Submitted to: Sensors
Publication Type: Peer Reviewed Journal
Publication Acceptance Date: 5/19/2023
Publication Date: 5/28/2023
Citation: Zadeh, H., Hardy, M., Sueker, M., Li, Y., Tzouchas, A., Mackinnon, N., Bearman, G., Haughey, S., Akhbardeh, A., Baek, I., Hwang, C., Qin, J., Tabb, A.M., Hellberg, R., Ismail, S., Reza, H., Vasefi, F., Kim, M.S., Tavakolian, K., Elliott, C.T. 2023. Rapid assessment of fish freshness for multiple supply-chain nodes using multi-mode spectroscopy and fusion-based artificial intelligence. Sensors. 23:5149. https://doi.org/10.3390/s23115149.
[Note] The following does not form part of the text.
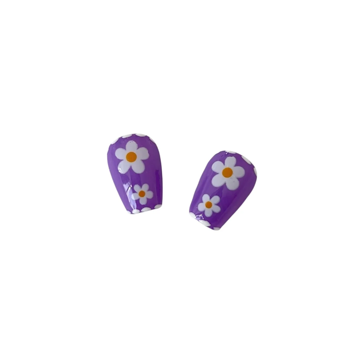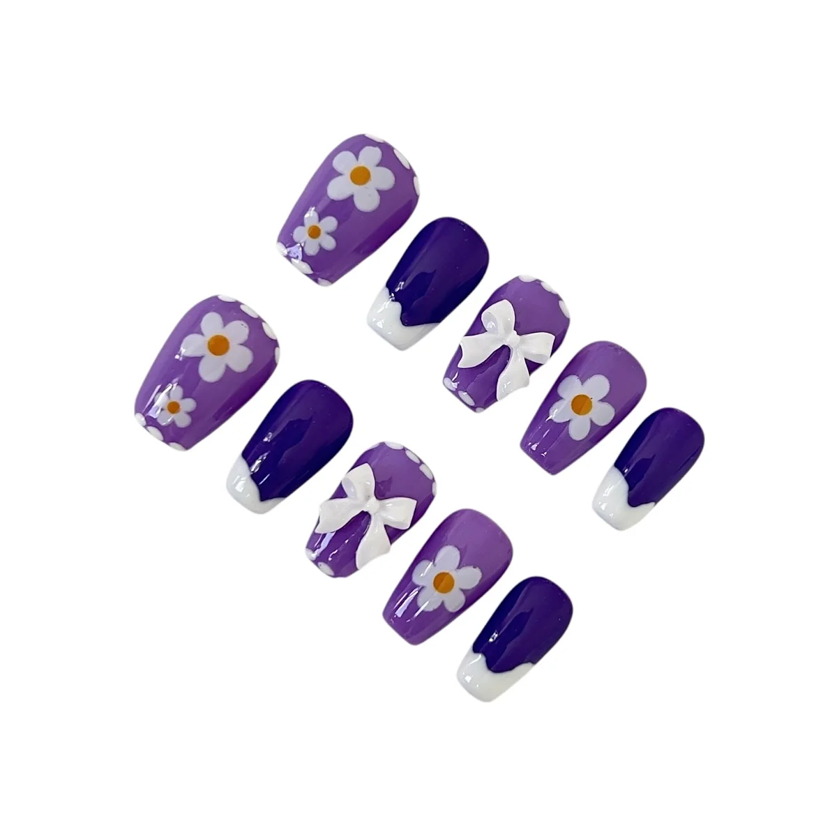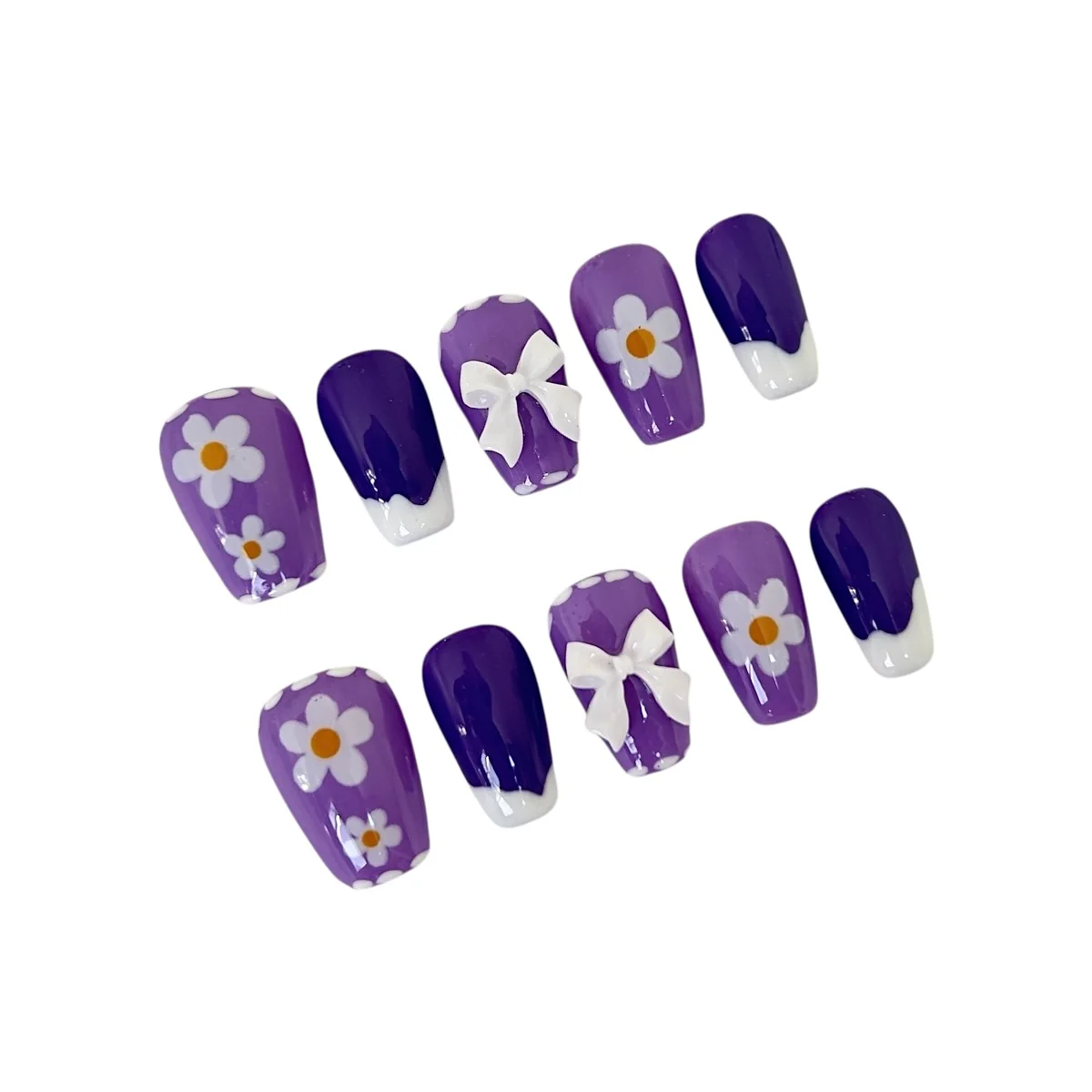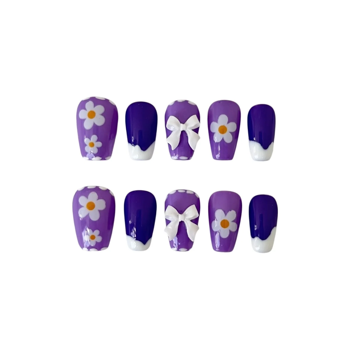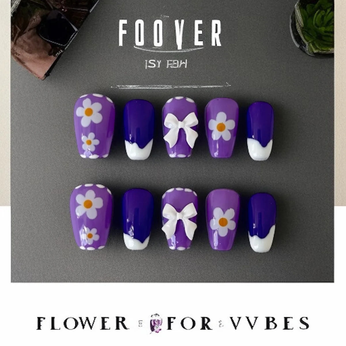 🫧 Effect: “Tropical night” effect. Some nails are fully purple with bold white daisies, or raised 3D white bows; others are darker purple and feature soft, wavy white tips that look like shoreline

DOI: https://doi.org/10.3390/s23115149

Interpretive Summary: Fresh fish is a highly perishable product with more than 20% wasted at retail level every year. One reason for such waste is that early fish decay is not easily detectable by human senses. There is a need for sensing techniques that allow for onsite inspection of fish freshness in a rapid, cost-effective, and nondestructive manner. This study developed a multimode spectroscopy method for rapid assessment of the fish freshness. Three types of spectral data (i.e., visible and near infrared reflectance, short wave infrared reflectance, and fluorescence) were collected with time from fish fillets of four species (i.e., farmed Atlantic salmon, wild coho salmon, Chinook salmon, and sablefish). Machine learning methods using the fusion of the three spectral data types achieved 95% accuracy to classify fish from fresh to spoiled condition. The data analysis and classification methods developed in this research can be used to assist development of an easy-to-use handheld device to estimate remaining shelf life of the fish fillets, which can lead to major waste reduction by allowing dynamic sales management for the seafood industry.

Technical Abstract: Fish is highly perishable, with 21.3% of fish and 24.1% of shellfish wasted at retail level. This research is directed towards developing a fast, non-destructive, and easy-to-use handheld multimode spectroscopic system for fish quality assessment. It uses the fusion of visible near infra-red (VIS-NIR), short wave infra-red (SWIR) reflectance and fluorescence (FL) spectroscopy data features to classify fish from fresh to spoiled condition. Farmed Atlantic Salmon Salmo salar, wild Coho Salmon Oncorhynchus kisutch, Chinook Salmon Oncorhynchus tshawytscha and Sablefish Anoplopoma fimbria fillets were measured with time. Different machine learning techniques such as principal component analysis, self-organized maps, linear/quadratic discriminant analyses, k-nearest neighbors, random forest, support vector machine, linear regression and ensemble and majority voting methods, were used to explore data and train classification models to predict freshness. Results show multimode spectroscopy achieves 95% accuracy, improving the accuracies of the FL, VIS-NIR and SWIR single-mode spectroscopies by 26, 10 and 9%, respectively.